Fearing SARS, US bans import of civet cats
Updated: 2004-01-14 11:20

The United States has imposed an immediate embargo on the import of civet cats because of suspicions that the mongoose-like animal has spread the SARS virus to humans in China.

Fearing SARS, US bans import of civet cats
civet cats

"This embargo will help us protect the American public and prevent introduction of SARS in the United States," Health and Human Services Secretary Tommy Thompson said Tuesday.

While scientists have not found unequivocal evidence that the small tree-dwelling mammal is responsible for transmitting Severe Acute Respiratory Syndrome to humans, they have found the SARS virus in civets and China has ordered the killing of thousands of the animals.

It wasn't clear how many civets, regarded as a delicacy in southern China, are imported into the United States so far.

Thompson said noninfectious civet products, such as taxidermied animals, and civets imported for educational or scientific purposes, would not be affected by the ban.

SARS emerged in Guangdong, southern China, in late 2002 and sickened more than 8,000 people worldwide before subsiding in June last year.
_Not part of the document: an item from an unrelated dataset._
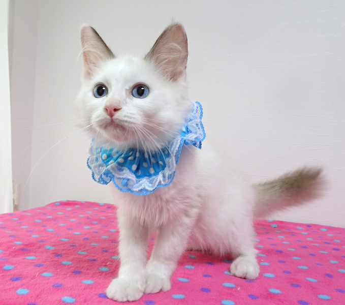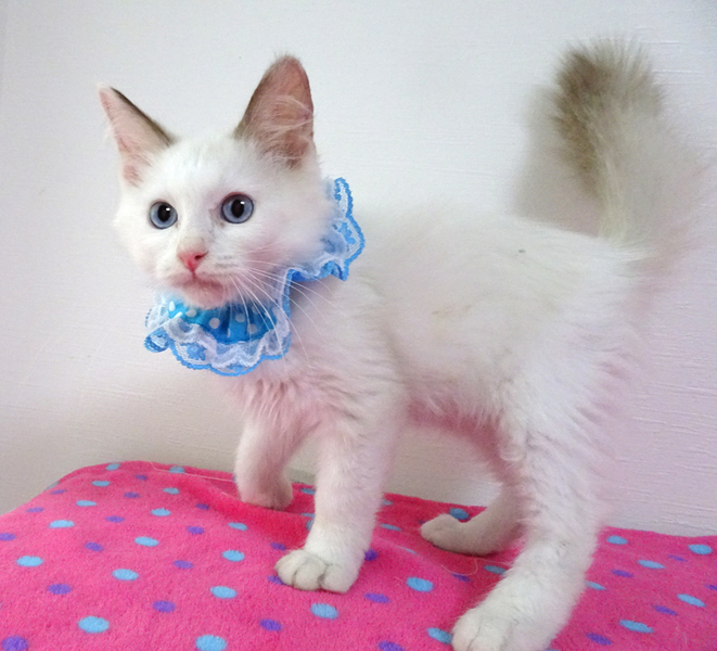 | 特徴(性格など) | 【猫の仮名】 ココくん (担当 松嶋) 【毛色・柄】 ラグドール・バイカラー、青い目、長毛系、長いシッポ 【動 画】後で掲載 家猫の母猫の元で育ったので栄養状態が良く、きれいな子です♪ 顔立ちはクールでも、性格はおだやかで、猫を飼うのが初めての方でも大丈夫です♪ 健康状態良好 ●ウイルス検査(エイズ・白血病)陰性 ●ワクチン 1回 ●蚤取り 1回 ●駆虫 2回 ●検便 2回 ●シャンプー 2回 走っても大丈夫な広さのペット可のお住まいで、猫だけのお留守番が長時間でないご家族を募集しています。 ご高齢の方は後継者のおられる方を希望いたします。 |

The disease has killed nearly 800 people.

WHO Officials Interview SARS Suspects

World Health Organization (WHO) experts said in Guangzhou Tuesday that the 35-year-old suspected SARS patient was in "very good condition" and was likely to be discharged from hospital soon.
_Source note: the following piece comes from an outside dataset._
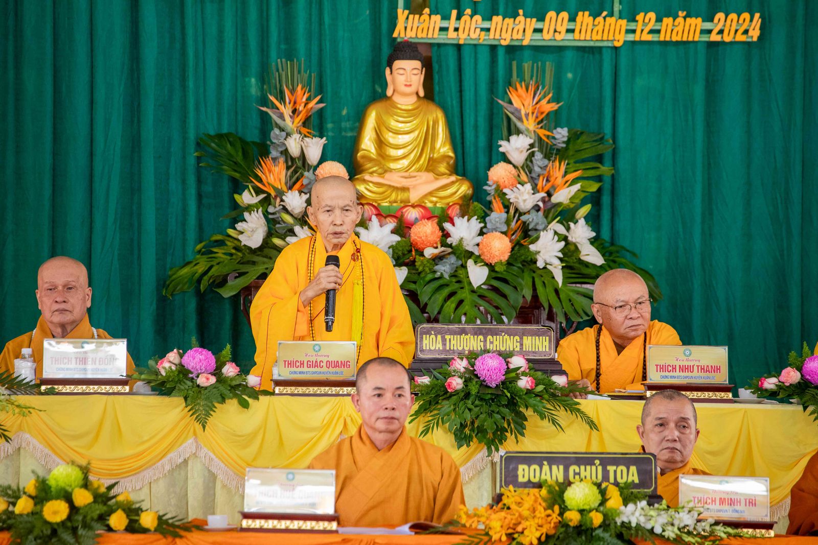 Chứng minh Hội nghị có HT. Thích Tâm Minh - Phó BTS GHPGVN tỉnh, Chứng minh BTS GHPGVN huyện; HT. Thích Giác Quang, HT. Thích Như Thanh, HT. Thích Thiện Đồng đồng chứng minh BTS GHPGVN huyện. Chủ tọa Hội nghị có TT. Thích Minh Trì - Phó BTS GHPGVN tỉnh; ĐĐ. Thích Thiện Trí - Phó Thư ký, Chánh Văn phòng BTS GHPGVN tỉnh; TT. Thích Huệ Quang - UV BTS GHPGVN tỉnh, Trưởng BTS GHPGVN huyện; ĐĐ. Thích Huệ Thới - UV BTS tỉnh, Phó Văn phòng BTS GHPGVN tỉnh; ĐĐ. Thích Quảng Vinh - Phó BTS, Trưởng Ban Pháp chế GHPGVN huyện.

Fearing SARS, US bans import of civet cats
A WHO expert answers questions from reporters after visiting two SARS suspects in Guangzhou January 13, 2004. [Xinhua]

The joint mission of the WHO and the Chinese Health Ministry, investigating possible sources of SARS infection from animals, humans and the environment in Guangdong, visited the two SARS suspects Tuesday at the No. 8 People's Hospital in Guangzhou.

WHO experts said they had talks with the two SARS patients for over an hour and both of them "looked very well".

WHO epidemiologist Robert Breiman, who talked with the 35-year-old suspected SARS patient, said the patient seemed likely to be able to leave the hospital soon. "We asked him many questions and he answered them all clearly."

But Breiman said two preconditions should be met before the patient is discharged. "He should have a normal temperature for at least seven days and the shadow on his lung should completely disappear."

Visits to the two suspect SARS patients were originally not included in the joint mission's agenda in Guangdong. "When we arrived here on Jan. 8, we didn't know about the two suspect cases, so we plan to extend our stay here to Jan. 16 to complete extra investigations," said Roy Wadia, the WHO Guangdong team spokesman.

Jeffrey Gilbert, a WHO expert in diseases transmitted by animals, told reporters that his team has already got relevant information on the two suspected SARS cases from the Health Ministry and the Guangdong provincial health bureau. "We believe the face-to-face communication with the two patients would help us better understand their situation and make a diagnosis," he said.

After talking with the patients, the experts went to the second suspected SARS patient's rented house and collected samples from the walls, floors and desks in the house.

The rented house of the 20-year-old waitress who was identified as a suspect SARS patient was located along a narrow alleyway in Guangzhou's urban district. Local people said houses in that area were not well maintained and mostly used as warehouses.

Meanwhile, WHO China office spokesman Bob Dietz said in Beijing that two laboratories in Hong Kong have been contacted and both are prepared to conduct further tests on samples from both suspects.

"The Chinese Ministry of Health requested samples from both suspected cases be referred to the international SARS laboratory reference network for further analysis," said Dietz. "When the tests are completed, the WHO will be informed directly of the results."

The joint mission of the WHO and the Health Ministry have visited the apartment of the first confirmed SARS case, the restaurant the 20-year-old waitress worked at and Guangzhou's biggest wildlife market, collecting samples from animals there.